Viewed in the light most favorable to Hurly, Hurly's deposition transcript indicates only that Hurly recognized a potential causal relationship between Lipitor and his injuries during his March 27, 2009 appointment with Viradia. They do not demonstrate that Hurly earlier recognized such a relationship.
THE COURT also finds that we cannot grant summary judgment upon evidence -- contradicted or otherwise -- that tends only to prove that Hurly should have known that Lipitor was a possible cause of his injuries. Such evidence must be held for and ultimately considered at trial. See Goodman, 534 F.2d at 575 ("At best there are inferences which can be drawn as to [the injured party's] state of knowledge. Admittedly they are strong inferences, but they are still inferences which can only be drawn by the finder of fact, in this case the jury."). Although the New Jersey Superior Court may resolve factual disputes concerning application of the statute of limitations and the Discovery Rule during resolution of a motion for summary judgment, this Court may not. Compare Lopez v. Swyer, 300 A.2d 563 (N.J. 1973) with Goodman, 534 F.2d at 573 ("the federal policy favoring jury decisions of disputed fact questions must prevail over the state practice of allocating to the court the decisions as to the time of discovery of the cause of action. Thus, if there are any disputed issues of fact, we cannot affirm their resolution by the court on the authority of Lopez v. Swyer").
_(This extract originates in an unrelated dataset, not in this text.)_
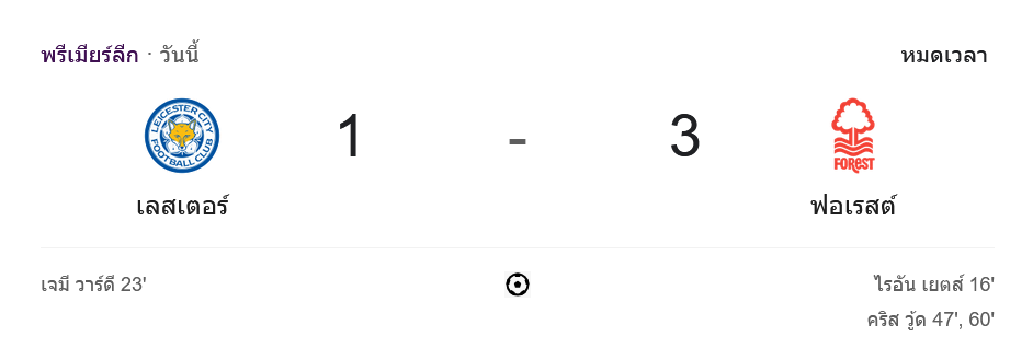 ผลบอลสดพรีเมียร์ลีก 2024 ระหว่าง ทีมเลสเตอร์ ซิตี้ vs ทีมน็อตติ้งแฮม ฟอเรสต์ วันนี้ 26/10/67 ดูบอลย้อนหลัง คลิปไฮไลท์ ดูบอลพรีเมียร์ลีก 2024
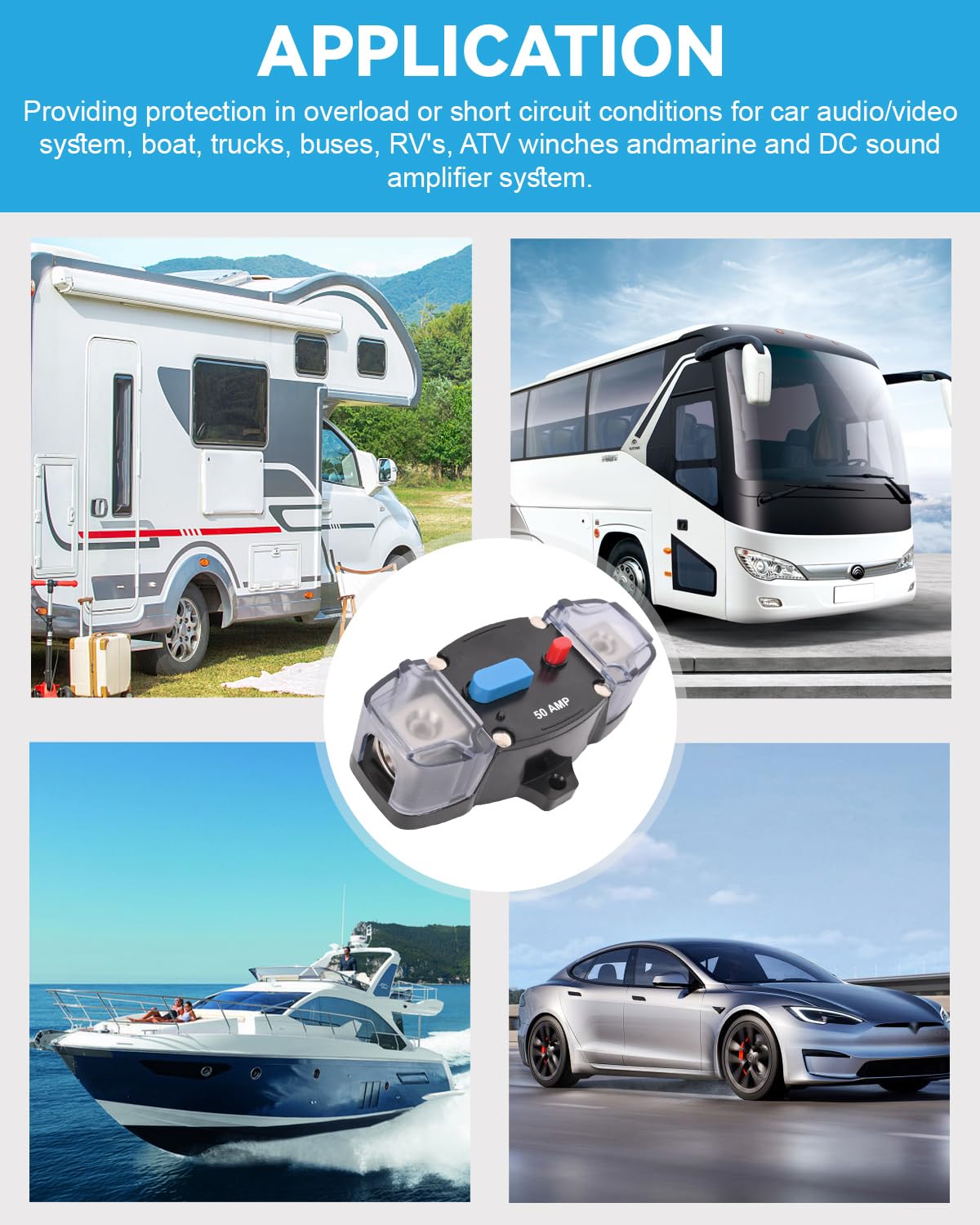 - APPLICATIONS: Ideal for protecting against overloads and short circuits in high-current applications such as cars, boats, RVs, caravans, tractors, audio systems, horns, dual-battery isolators, and winches. This high amp 150a 12v breaker fuse is perfect for use in automotive, marine, and auxiliary DC electrical systems, providing a versatile solution for Automotive Circuit Breaker and Marine Circuit Breaker needs

PFIZER argues that this Court may resolve factual disputes relating to application of the statute of limitations and the Discovery Rule at this stage, notwithstanding the explicit rejection of that practice in Goodman. (Pfizer Br. at 16 n.4; dkt. entry no. 19, Pfizer Reply Br. at 13-15.) Pfizer argues that Goodman "has been superseded by subsequent decisions of the New Jersey Supreme Court, as evidenced by decisions of this District where the Court has acted as fact finder for purposes of applying the discovery rule." (Pfizer Br. at 16 n.4 (citations omitted).)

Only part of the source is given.